The site’s decision to announce profile changes to all of a users’ friends through a News Feed and Mini Feed proved massively unpopular.
“It’s a privacy issue for me,” said junior Cameron Lee, who stopped using Facebook out of frustration.
Creator Mark Zuckerberg said he realized the decision had proved disastrous within hours and coded nonstop for two days to remedy it.
“We really messed this one up,” he said in an open letter Friday, Sept. 8, three days after launching the changes. Users may now stop Mini Feed from announcing most types of activities.
Hours after Mini Feed began announcing every change made to a profile, students formed protest groups demanding, at least, the option of removing themselves from the feeds. The largest, “Students Against Facebook News Feed (Official Petition to Facebook),” approached 745,000 members, nearly 250 of them from Pepperdine.
“It’s creepy and stalker-ish,” said Aubrey Luhdorff, a Pepperdine freshman who joined two groups opposing the new features. Most students echoed that opinion.
While all information displayed on the Mini-Feed could previously be seen on individual profiles, that’s no consolation to most. “[Before] it wasn’t right in your face,” Luhdorff said. “If I broke up [with my boyfriend], I wouldn’t want it there for everyone to see.”

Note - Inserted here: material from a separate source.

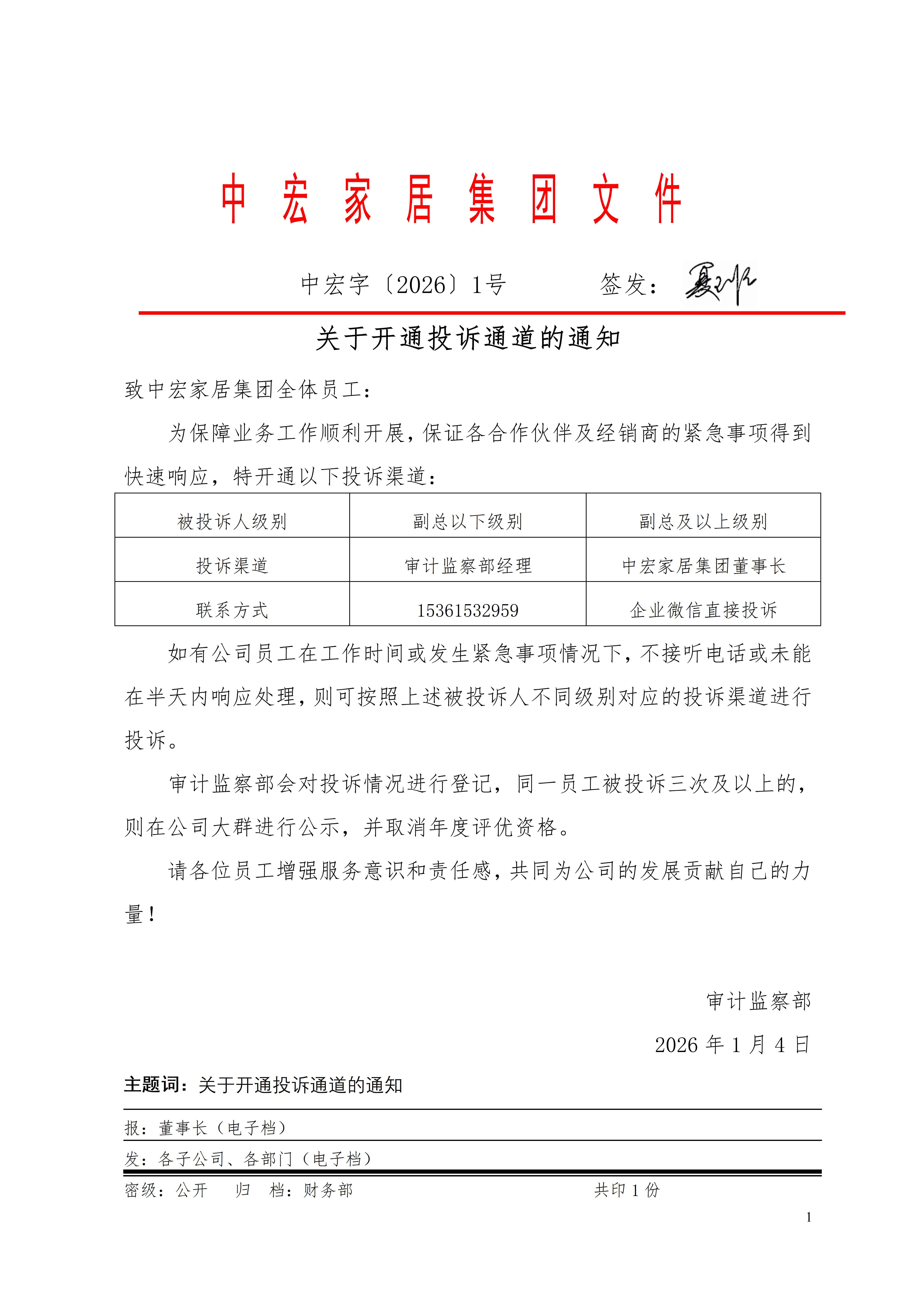 重磅!速看!中宏家居集團2026年1號文件發(fā)布《關(guān)于開通投訴通道的通知》

Also, some objected that the additional information cluttered the page, with most students having 100 or more friends who update their profiles frequently. “A lot of those people are just acquaintances…I don’t really care if they have a new friend,” Lee said.
Zuckerberg envisioned great popularity for the addition, citing its convenience. He compared it to news highlights, as opposed to the “encyclopedia entries” that are people’s profiles. And some users agree.
“Nothing has changed, it’s just organized better,” according to the group “Actually, I like the Facebook News Feed,” with 650 members and growing. A bulletin there also points to “Facebook Stalker,” a free download that has done essentially the same thing since being released Aug. 17.
No Pepperdine students appeared to have joined a group approving the change.
Freshman Tom Lambert continues to advocate completely removing News Feed. “I don’t like my group of friends being like CNN,” he said. “It was getting too much like MySpace.”
Facebook boasts 9 million members belonging to networks such as college or high school, a fraction of MySpace’s 110 million members. But it is far more popular at most colleges, including Pepperdine, partly because of its greater privacy settings.
“Somehow we missed that point with News Feed and Mini Feed,” wrote Zuckerberg in his letter. He went on to say that they’d been “coding nonstop for two days to get you better privacy controls,” like controlling what types of information would be included in the Mini Feed.
Zuckerberg also thanked the protesters, noting that News Feed allowed protest groups to grow because every time someone joined a group against News Feed, their friends saw that information.
This “may be Gen Y’s first official revolution,” said Time magazine, although Pepperdine students agreed that was an exaggeration. Time called today’s college students the “Facebook generation,” and said their rebellion against Facebook itself was especially notable.
With more than 10 percent of Facebook users protesting, it was a significant movement and points to Facebook’s power as a protesting tool.
The protests appear over for now, with calls for a boycott being withdrawn and most expressing satisfaction with Facebook’s response to the problem.
“It’s not exactly my favorite feature,” said Lambert, but he left the anti-feed group.